[Records drawn from a dataset]
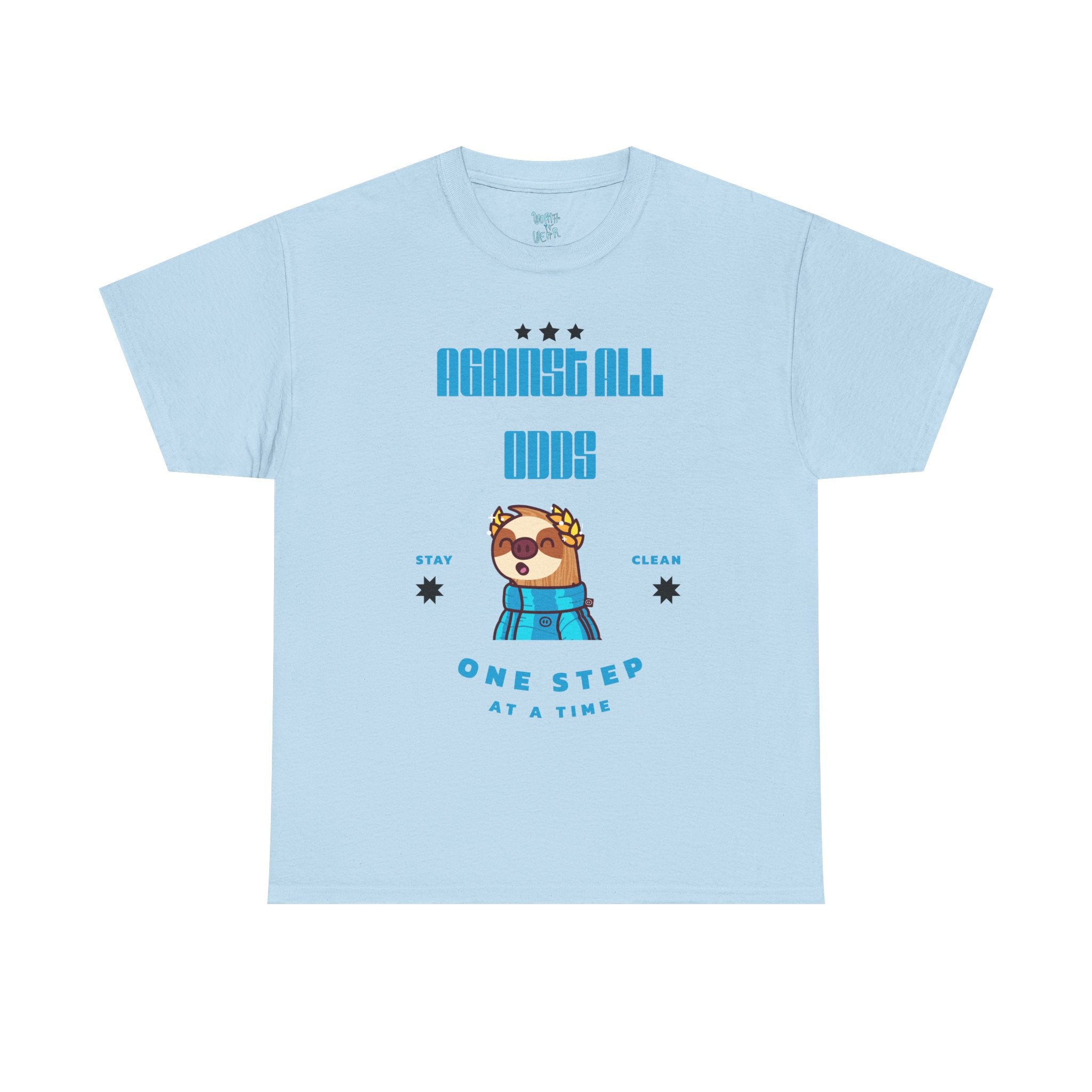 Soft, breathable tee with a calm, encouraging vibe. A friendly illustrated otter in a cozy scarf smiles from the chest with the words “One Step at a Time,” while the back carries a hand-lettered “Worth It Wear” in playful blue script. The lightweight cotton feels familiar and easy to move in — a quietly supportive piece you’ll reach for on slower mornings, long walks, or when you need a gentle nudge to keep going. It layers under jackets, pairs with relaxed jeans, and becomes part of a steady, low-key routine that values comfort and small victories.
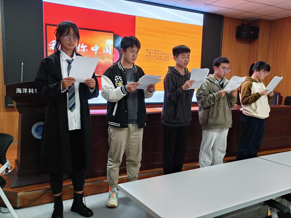 11月27日晚7点,海洋科学与水产学院爱国主题朗诵比赛初赛在海洋南楼203顺利举行。本次活动由团委实践部李沛橙和吴亚娟主持,由院团委副书记李昌文和孙雨琰、院大成主任孔博文、院大成副主任胡骏熙担任评委。
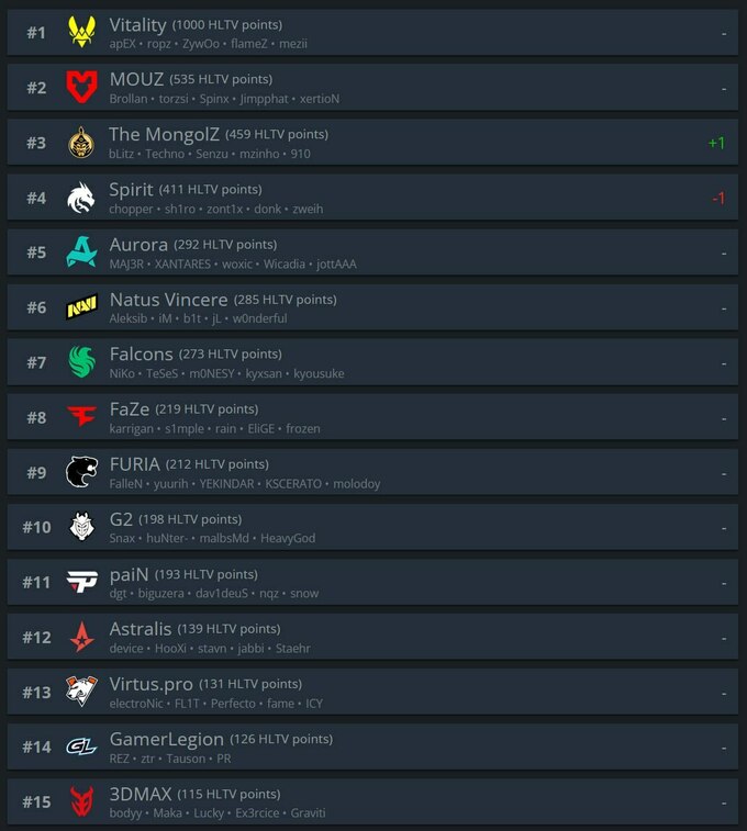 Команда Vitality зберігає перше місце з максимальною кількістю – 1000 рейтингових очок. На другому місці утримується MOUZ, які мають 535 балів.
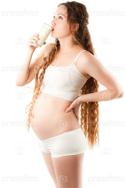 Беременная женщина пьет стакан молока на белом фоне. Понятие диеты и здоровья
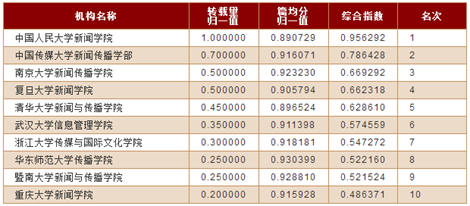 查阅官方网站发布的排行榜,新闻传播学学科高等院校转载全文245篇,约占本学科转载总数(306篇)的80.1%,排名方式是对3篇以上的高等院校所属机构分学科排名,进行转载量和综合指数计算并选取前10名进行排序。
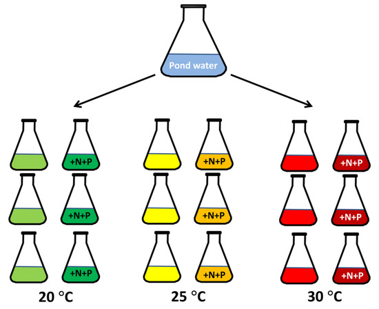 The design used in the experiment in which water from the urban pond Molenwiel was transferred into 100 mL Erlenmeyer flasks that were either enriched with nutrients (+N + P; 14 mg·N·L−1 as NaNO3 and 1.4 mg·P·L−1 as K2HPO4) or received no additional nutrients and that were incubated for seven days at 20, 25, or 30 °C (Figure A3).
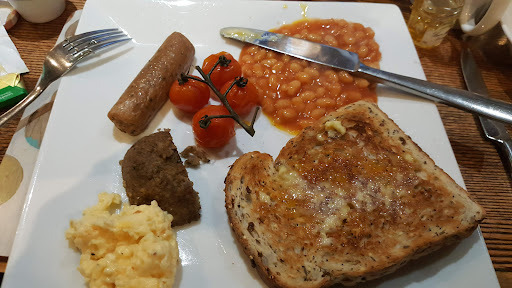 Read moreFirst of all I want to make sure that the staff know that they are AMAZING and really did everything to make the stay as great as they possibly could. The main issue we had was with the evening meal. |We were very excited for our trip away, getting out of the city for a night, and the main reason we chose to stay here was because we saw on the menu that they had vegan options, and itâs hard to find rural pubs with rooms that have this option, usually we have to drive somewhere for dinner, and reading the reviews we were really excited for some lovely home cooked pub food before a comfy nights sleep.|We arrived to a really warm welcome and lovely open fire, after a rainy walk close by and were taken up to our wonderfully spacious yet cosy room, had a lovely hot bath and even got some beers from the bar. |We went down to the bar and had a drink before dinner by the fire which was really lovely. We were shown to our table in a nice cosy corner and sat down. We ordered 2 Falafel Starters and 2 Banana Blossom Mains and asked if we could have some bread and oils as well.|The basket of bread arrived which was just 6 small shop-bought bread rolls, balsamic vinegar (on its own) and vegan margarine, when we asked if there was any olive oil for dipping we were told there wasnât any in the kitchen, which made us a little concerned about how our salad for the starter was going to be dressed, however the starters arrived and looked really appetising. But, the falafel was cold, shop bought and dry, the salad wasnât dressed, and there was a smear of tahini was at the bottom which is also very dry. The raw chickpeas and bits of beetroot were the only moisture on the plate. Iâve never been served raw chickpeas, they donât have much flavour, maybe roasting/toasting the chickpeas in some spices would have helped? Olive oil would have been a massive bonus and frying the Falafels or baking them just to help get rid of some of the dryness would have helped a lot too, this mixed with the dry bread served with just vinegar was a disappointing start to the meal. However the mains were much better, the banana blossom was tasty and lovely chips served with vegan mayonnaise, just would have liked the mushy peas to have a bit more flavour, again they tasted shop bought, but it was a lovely sized portion for the price. |The atmosphere was absolutely lovely and the staff were excellent and we made sure to tip them as, again, none of the above should reflect poorly on them. We didnât mention anything at the time as we didnât really speak about the starter until we got to our room and by that point we were full of chips and ready for a cosy nights sleep. |The next morning we headed down for breakfast and they gave us some vegan yogurts that felt like theyâd got in specially for us which was absolutely lovely. And the vegan cooked breakfast was tasty, could have maybe done with a veggie sausage or something but other than that it was really...
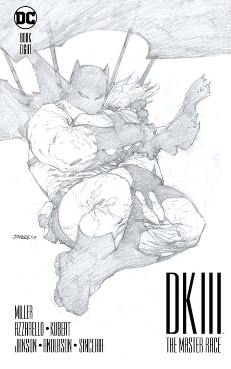 (W) Frank Miller, Brian Azzarello (A) Andy Kubert, Klaus Janson (CA) Jim Lee This oversized paper-over-boards COLLECTOR'S EDITION features both stories from DARK KNIGHT III: THE MASTER RACE #8 at the same size, with cover art that's a pencils-only version of Jim Lee's 1:500 variant cover.
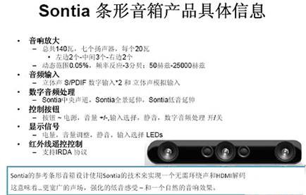 Sontia的業(yè)務(wù)模型比較有特點,也采用授權(quán)模式,主要模式是Sontia授權(quán)其3-聲道條形音箱參考設(shè)計,Sontia為OEM提供了一個可以直接生產(chǎn)的完整套裝,或者采用預付版權(quán)費以及與銷售量有關(guān)的版權(quán)費模式,Sontia未來的產(chǎn)品走向?qū)⑾蚋叨藯l形音箱參考設(shè)計、便攜式多媒體播放器的底座(iPod)以及Sontia的數(shù)字音頻處理技術(shù)直接嵌入到電視里中的軟件解決方案發(fā)展。
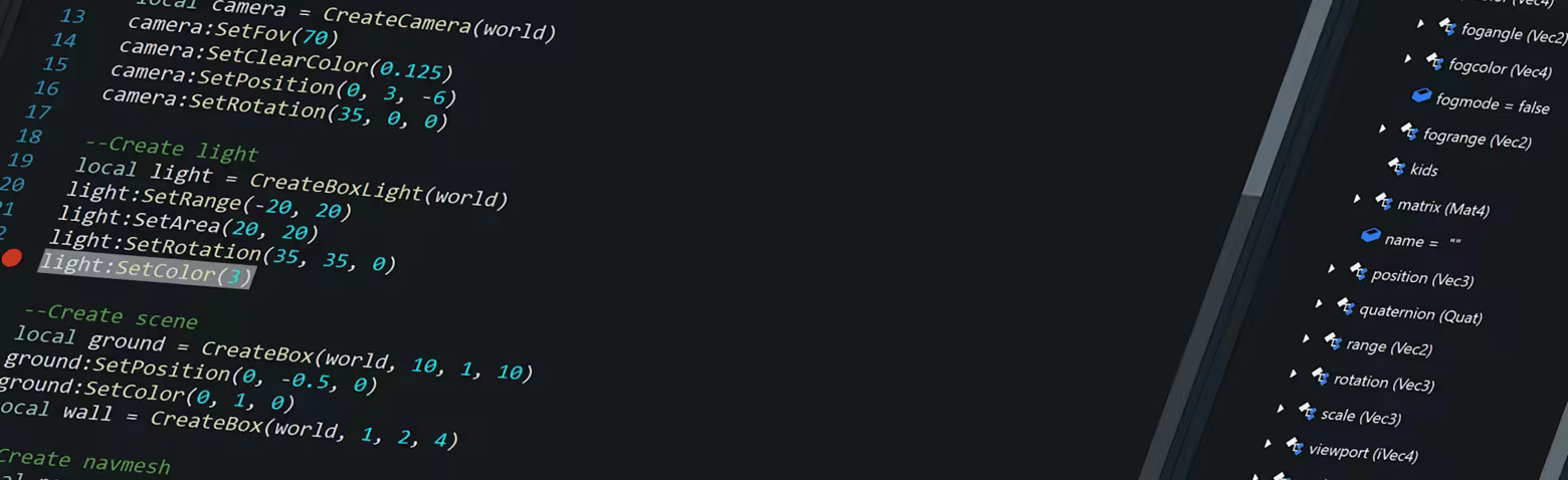 Lua script integration offers rapid prototyping with an easy-to-learn language and hundreds of code examples. The built-in debugger lets you pause your game, step through code, and inspect every variable in real-time. For advanced users, C++ programming is also available with the Leadwerks Pro DLC.
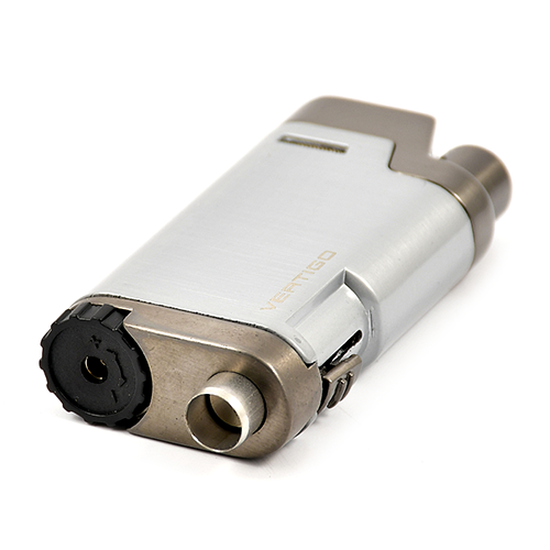 Ветроустойчивая сигарная турбо-зажигалка Vertigo Bullet Chrome & Gunmetal.Прочная зажигалка с двойным турбопламенем, в изящном корпусе, также встроен пробойник для сигар.Крышка защищает форсунки от грязи.Заправляемая, с регулировкой пламени.Страна производства: Китай.
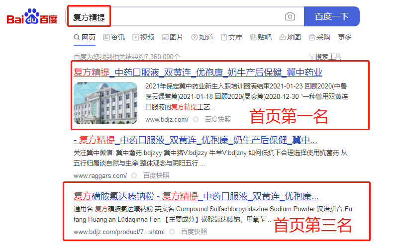 冀中药业和睿新合作之前网站排名效果几乎没有,通过3-4个月时间的持续优化,排名逐渐实现到首页的效果,已经可以通过搜索关键词找到冀中药业的相关内容,并给企业带来客户流量。
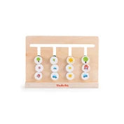 Een dubbelzijdig spel van observeren en snelheid voor de lol met 36 uitdagingskaarten! Bekijk de getrokken kaart aandachtig en reproduceer de reeksen door de houten knoppen zo snel mogelijk naar de gekozen kant (kleuren of afbeeldingen) te schuiven.
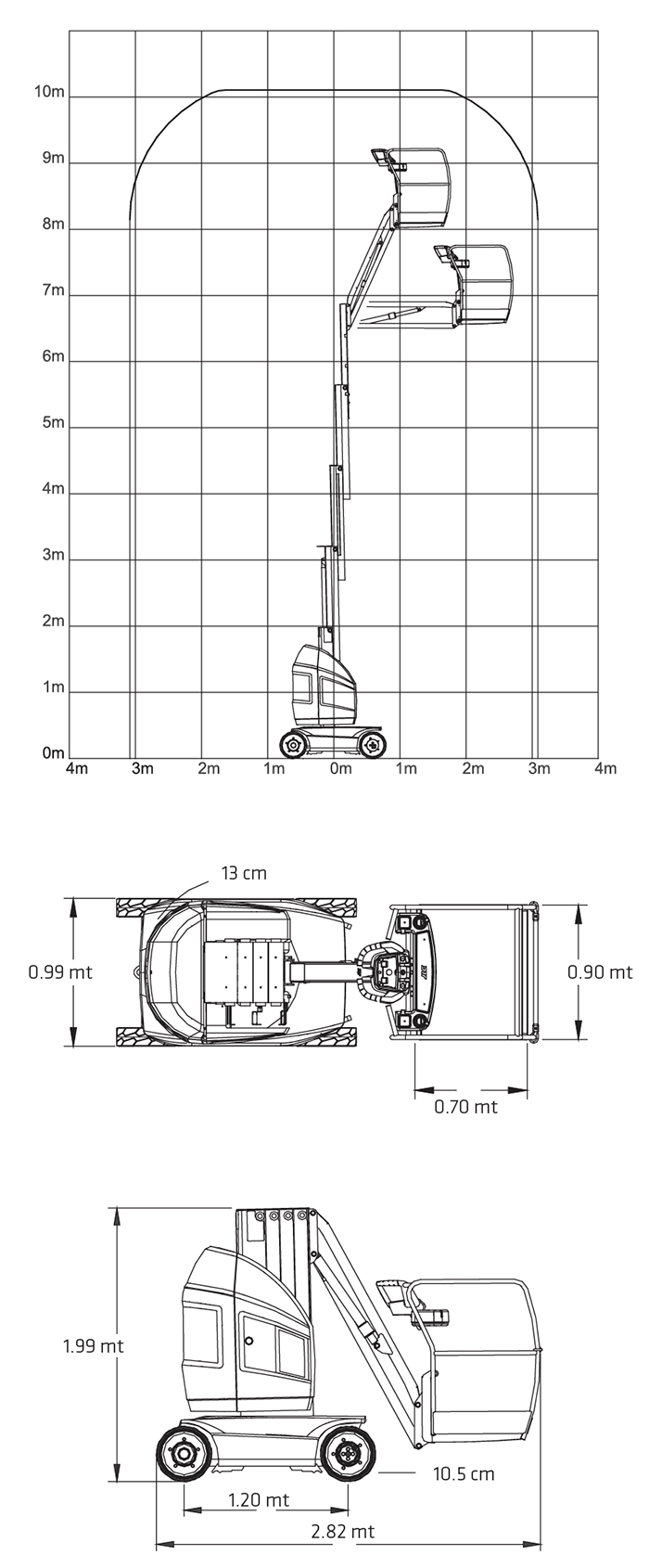 Altezza di lavoro 10.10 mt
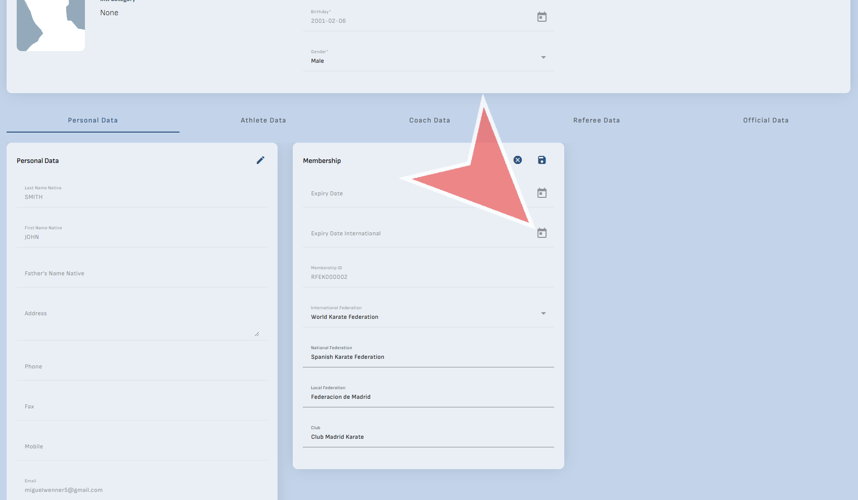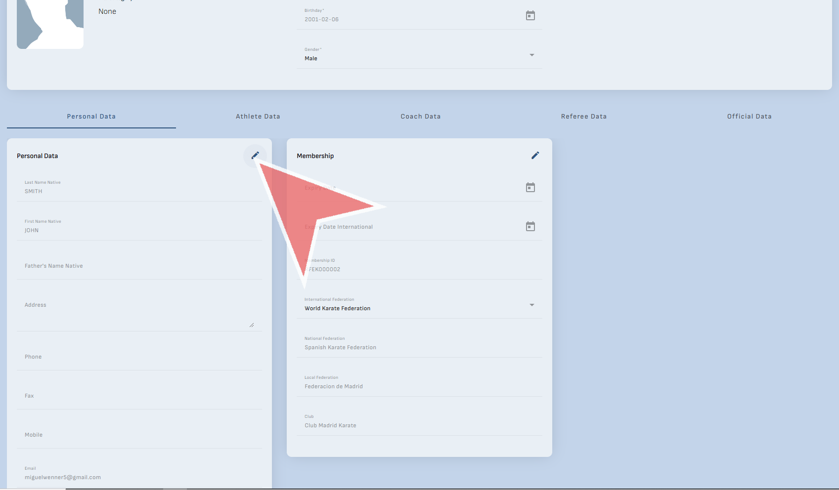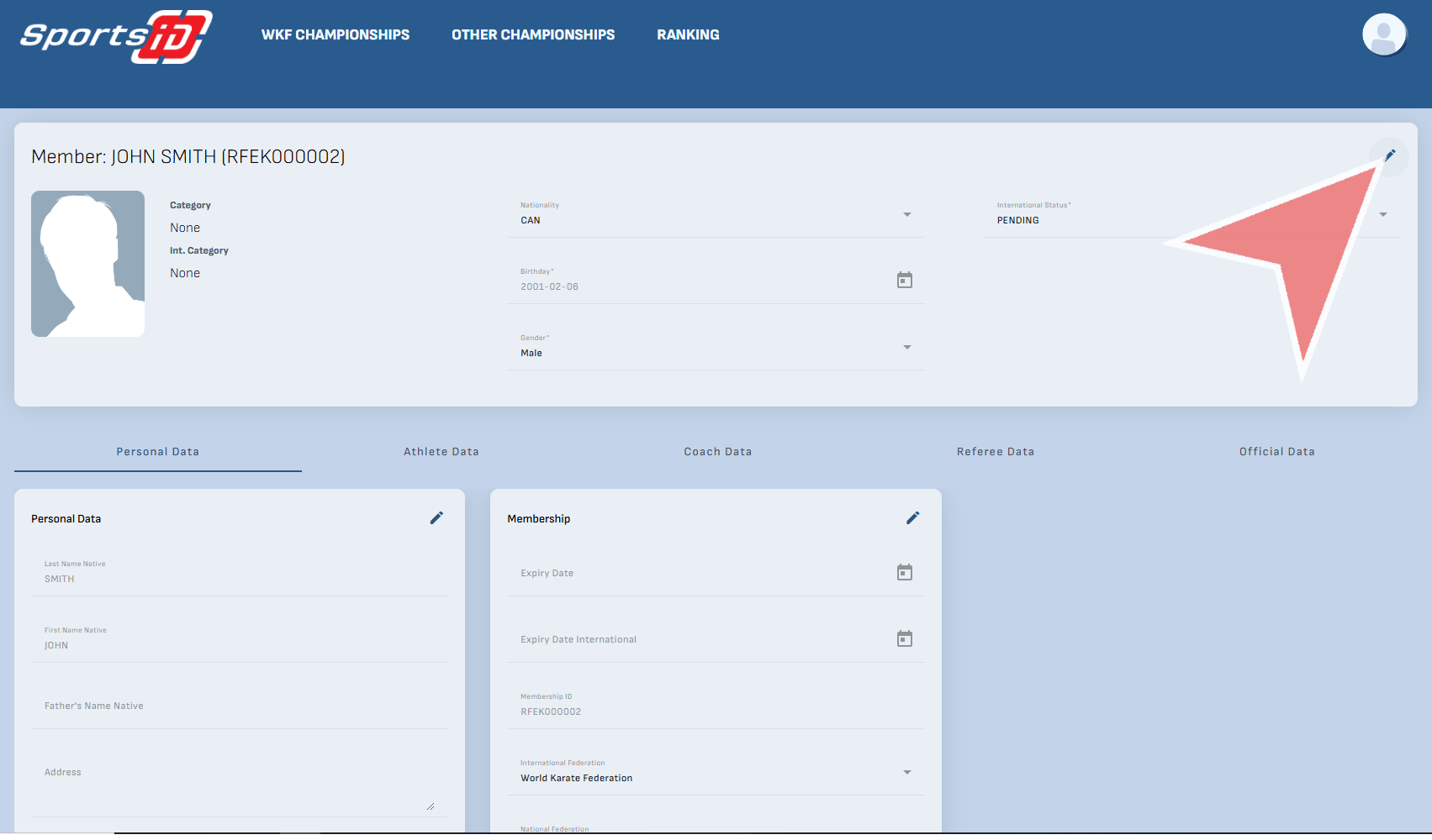 On your profile page, update your photo and details by clicking the edit icon. Your status will be updated by your federations.

TASK OBJECTIVE:
With the pictures dropped, give every entry above again exactly.

RESPONSE BELOW:
 Soft, breathable tee with a calm, encouraging vibe. A friendly illustrated otter in a cozy scarf smiles from the chest with the words “One Step at a Time,” while the back carries a hand-lettered “Worth It Wear” in playful blue script. The lightweight cotton feels familiar and easy to move in — a quietly supportive piece you’ll reach for on slower mornings, long walks, or when you need a gentle nudge to keep going. It layers under jackets, pairs with relaxed jeans, and becomes part of a steady, low-key routine that values comfort and small victories.
 11月27日晚7点,海洋科学与水产学院爱国主题朗诵比赛初赛在海洋南楼203顺利举行。本次活动由团委实践部李沛橙和吴亚娟主持,由院团委副书记李昌文和孙雨琰、院大成主任孔博文、院大成副主任胡骏熙担任评委。
 Команда Vitality зберігає перше місце з максимальною кількістю – 1000 рейтингових очок. На другому місці утримується MOUZ, які мають 535 балів.
 Беременная женщина пьет стакан молока на белом фоне. Понятие диеты и здоровья
 查阅官方网站发布的排行榜,新闻传播学学科高等院校转载全文245篇,约占本学科转载总数(306篇)的80.1%,排名方式是对3篇以上的高等院校所属机构分学科排名,进行转载量和综合指数计算并选取前10名进行排序。
 The design used in the experiment in which water from the urban pond Molenwiel was transferred into 100 mL Erlenmeyer flasks that were either enriched with nutrients (+N + P; 14 mg·N·L−1 as NaNO3 and 1.4 mg·P·L−1 as K2HPO4) or received no additional nutrients and that were incubated for seven days at 20, 25, or 30 °C (Figure A3).
 Read moreFirst of all I want to make sure that the staff know that they are AMAZING and really did everything to make the stay as great as they possibly could. The main issue we had was with the evening meal. |We were very excited for our trip away, getting out of the city for a night, and the main reason we chose to stay here was because we saw on the menu that they had vegan options, and itâs hard to find rural pubs with rooms that have this option, usually we have to drive somewhere for dinner, and reading the reviews we were really excited for some lovely home cooked pub food before a comfy nights sleep.|We arrived to a really warm welcome and lovely open fire, after a rainy walk close by and were taken up to our wonderfully spacious yet cosy room, had a lovely hot bath and even got some beers from the bar. |We went down to the bar and had a drink before dinner by the fire which was really lovely. We were shown to our table in a nice cosy corner and sat down. We ordered 2 Falafel Starters and 2 Banana Blossom Mains and asked if we could have some bread and oils as well.|The basket of bread arrived which was just 6 small shop-bought bread rolls, balsamic vinegar (on its own) and vegan margarine, when we asked if there was any olive oil for dipping we were told there wasnât any in the kitchen, which made us a little concerned about how our salad for the starter was going to be dressed, however the starters arrived and looked really appetising. But, the falafel was cold, shop bought and dry, the salad wasnât dressed, and there was a smear of tahini was at the bottom which is also very dry. The raw chickpeas and bits of beetroot were the only moisture on the plate. Iâve never been served raw chickpeas, they donât have much flavour, maybe roasting/toasting the chickpeas in some spices would have helped? Olive oil would have been a massive bonus and frying the Falafels or baking them just to help get rid of some of the dryness would have helped a lot too, this mixed with the dry bread served with just vinegar was a disappointing start to the meal. However the mains were much better, the banana blossom was tasty and lovely chips served with vegan mayonnaise, just would have liked the mushy peas to have a bit more flavour, again they tasted shop bought, but it was a lovely sized portion for the price. |The atmosphere was absolutely lovely and the staff were excellent and we made sure to tip them as, again, none of the above should reflect poorly on them. We didnât mention anything at the time as we didnât really speak about the starter until we got to our room and by that point we were full of chips and ready for a cosy nights sleep. |The next morning we headed down for breakfast and they gave us some vegan yogurts that felt like theyâd got in specially for us which was absolutely lovely. And the vegan cooked breakfast was tasty, could have maybe done with a veggie sausage or something but other than that it was really...
 (W) Frank Miller, Brian Azzarello (A) Andy Kubert, Klaus Janson (CA) Jim Lee This oversized paper-over-boards COLLECTOR'S EDITION features both stories from DARK KNIGHT III: THE MASTER RACE #8 at the same size, with cover art that's a pencils-only version of Jim Lee's 1:500 variant cover.
 Sontia的業(yè)務(wù)模型比較有特點,也采用授權(quán)模式,主要模式是Sontia授權(quán)其3-聲道條形音箱參考設(shè)計,Sontia為OEM提供了一個可以直接生產(chǎn)的完整套裝,或者采用預付版權(quán)費以及與銷售量有關(guān)的版權(quán)費模式,Sontia未來的產(chǎn)品走向?qū)⑾蚋叨藯l形音箱參考設(shè)計、便攜式多媒體播放器的底座(iPod)以及Sontia的數(shù)字音頻處理技術(shù)直接嵌入到電視里中的軟件解決方案發(fā)展。
 Lua script integration offers rapid prototyping with an easy-to-learn language and hundreds of code examples. The built-in debugger lets you pause your game, step through code, and inspect every variable in real-time. For advanced users, C++ programming is also available with the Leadwerks Pro DLC.
 Ветроустойчивая сигарная турбо-зажигалка Vertigo Bullet Chrome & Gunmetal.Прочная зажигалка с двойным турбопламенем, в изящном корпусе, также встроен пробойник для сигар.Крышка защищает форсунки от грязи.Заправляемая, с регулировкой пламени.Страна производства: Китай.
 冀中药业和睿新合作之前网站排名效果几乎没有,通过3-4个月时间的持续优化,排名逐渐实现到首页的效果,已经可以通过搜索关键词找到冀中药业的相关内容,并给企业带来客户流量。
 Een dubbelzijdig spel van observeren en snelheid voor de lol met 36 uitdagingskaarten! Bekijk de getrokken kaart aandachtig en reproduceer de reeksen door de houten knoppen zo snel mogelijk naar de gekozen kant (kleuren of afbeeldingen) te schuiven.
 Altezza di lavoro 10.10 mt
 On your profile page, update your photo and details by clicking the edit icon. Your status will be updated by your federations.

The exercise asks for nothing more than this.